Hi Gary,
It seems to me that around the time the game Civilization begins, 4000 BC, the Earth was fairly spotted with tens of thousands of clans or groups of people. They didn't start out in cities and then spread around the countryside. Rather they started in the countryside and eventually migrated or clustered or perhaps coagulated into city-states. The city-states eventually banded together to form countries or civilizations or regions or whatnot.
I concur with your thought. The way it is in the civ games is primarily a game mechanic decision. However:
But it wasn't like anyone started with Babylon and then set out to discover or found new cities. Was it?
Well, in case of Babylon certainly not. They were just one of many cities that were founded just as you described above. Babylon is not even close to being the oldest city there, that honor probably goes to Uruk and Nippur, according to Marc Van De Mierop, "A History of the Ancient Near East", Blackwell Publishing, Second Edition, 2007. Babylon just happens to be the capital city of Hammurabi, who was one of the most successfull warlords of that region and time and unified a large area through conquest and betrayal of his former allies.
But in case of, for example, the Greeks the answer is "Yes, yes it was." The Greeks founded cities all over the Mediterranean, just like Civ represents it. Since the Greeks are at the root of the European flavor of civilization and Civ is an eurocentric game (meant as a neutral observation), the settler mechanic has historical significance. Some millenia before 1492 AD.
There are other inaccuracies that I personally find much more off, just two points off the top of my head:
1. Civ is extremely dependent on land. The more land you have, the more population you can sustain, the more shields and trade you get, and the more powerful you get. While this is a very good and very satisfying game mechanic, it is also highly unrealistic. In reality, for the majority of countries, the majority of economy, industry, wealth, population and any other aspects that contribute to their power are concentrated on a small percentage of their territory. If you wanted to simulate this in a civ game, you had to make most cities of a civ comparably poor in most aspects, and a very few cities big super cities. Especially in Civ3 however, you can and probably will distribute your power fairly even throughout your empire, with little exceptions like stronger super science cities or weaker edge cities in unhospitable terrain.
Look at the sizes of the countries who participated in WW1 or WW2. In Wikipeadia there are very nice color-coded maps. Basically, the whole world is colored in one color, the color of the allies or Entente, and tiny flecks of land are colored differently, axis or middle powers. Now, you could say "No wonder they lost the war, as small as they were", but that misses the point completely. In fact especially Germany was very powerful in relation for their small territory (in comparison to the USSR, the French and British World empires, or the US). That worked, because in reality, other than in Civ, territory is not a prime requisite for power. High industrialization, high technology level, excellent infrastructure, a tedious workforce and national hybris are.

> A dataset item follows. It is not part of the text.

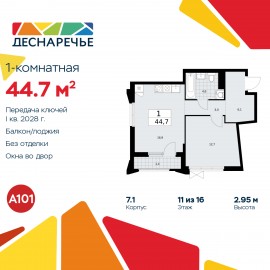 1-комн. квартира от застройщика в ЖК "Деснаречье" на 7 этаже. Квартира без отделки, полностью готова к ремонту. Общая площадь: 44.8 кв.м., жилая: 12.7 кв.м., площадь просторной кухни-столовой: 16.9 кв.м. Угловая квартира, идеально подойдет любителям тишины и панорамных видов. В квартире...
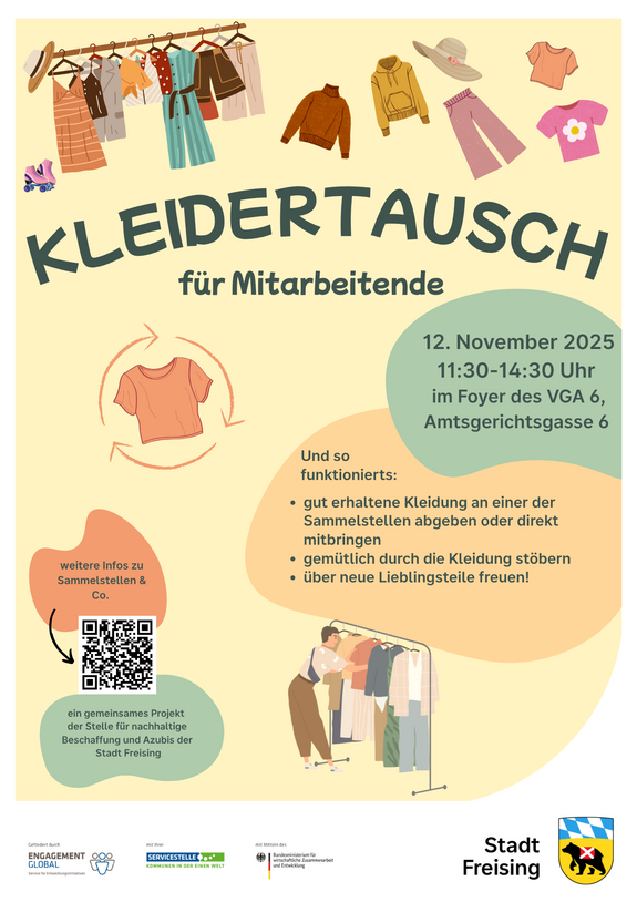 Die Stelle für nachhaltige Beschaffung lädt gemeinsam mit den Azubis alle Mitarbeitenden der Stadt Freising zum Kleidertausch ein. Am 12. November können saubere, gut erhaltene Kleidungsstücke getauscht werden. So können gemeinsam Ressourcen gespart und in entspannter Atmosphäre der Umwelt etwas Gutes getan werden.

2. Cities are all self-sustaining on food. This is again a very good and satisfying game mechanic, but, again, highly unrealistic. Even in the antiquity food was shipped long distances. Athens gained their grain from the Black Sea coast, Rome from their colony "Africa" (today Tunesia), later from Egypt. Today, food is traded on the world market and large shipments of food will be shipped around half the globe.
What vxma said is absolutely correct. That is also the reason I would not introduce Civ in school, except perhaps for certain scenarios or under the premise to look at what Civ does and to contrast it with reality.
I also heartily agree with Buttercup in all points, especially the lack of internal struggle. Rhye's and Fall (for Civ4) has a nice idea about stability, which is, however, a bit too random for my taste, but is going into the right direction.
One last point, about population: The FIRST population point of a city represents 10,000. They then increase. And no, a Swordman unit does certainly not represent 10,000 people for a grand total of 300,000 men for 30 Swordmen in an ancient army. Firstly, the game does not suggest any of this: A city does not shrink in size if you build a Swordman unit, so they certainly do not recruit a full population point. Secondly, these gigantic numbers have no base in reality. Ancient armies seldom had more than some tens of thousand soldiers. Which is still a gigantic mass of people regarding the much smaller world population and lower technology regarding logistics (like food you have to grow and carry around!). And don't take numbers from historical texts too literally: Historians will tell you that exaggerating the size of armies was a kind of art for historical historians.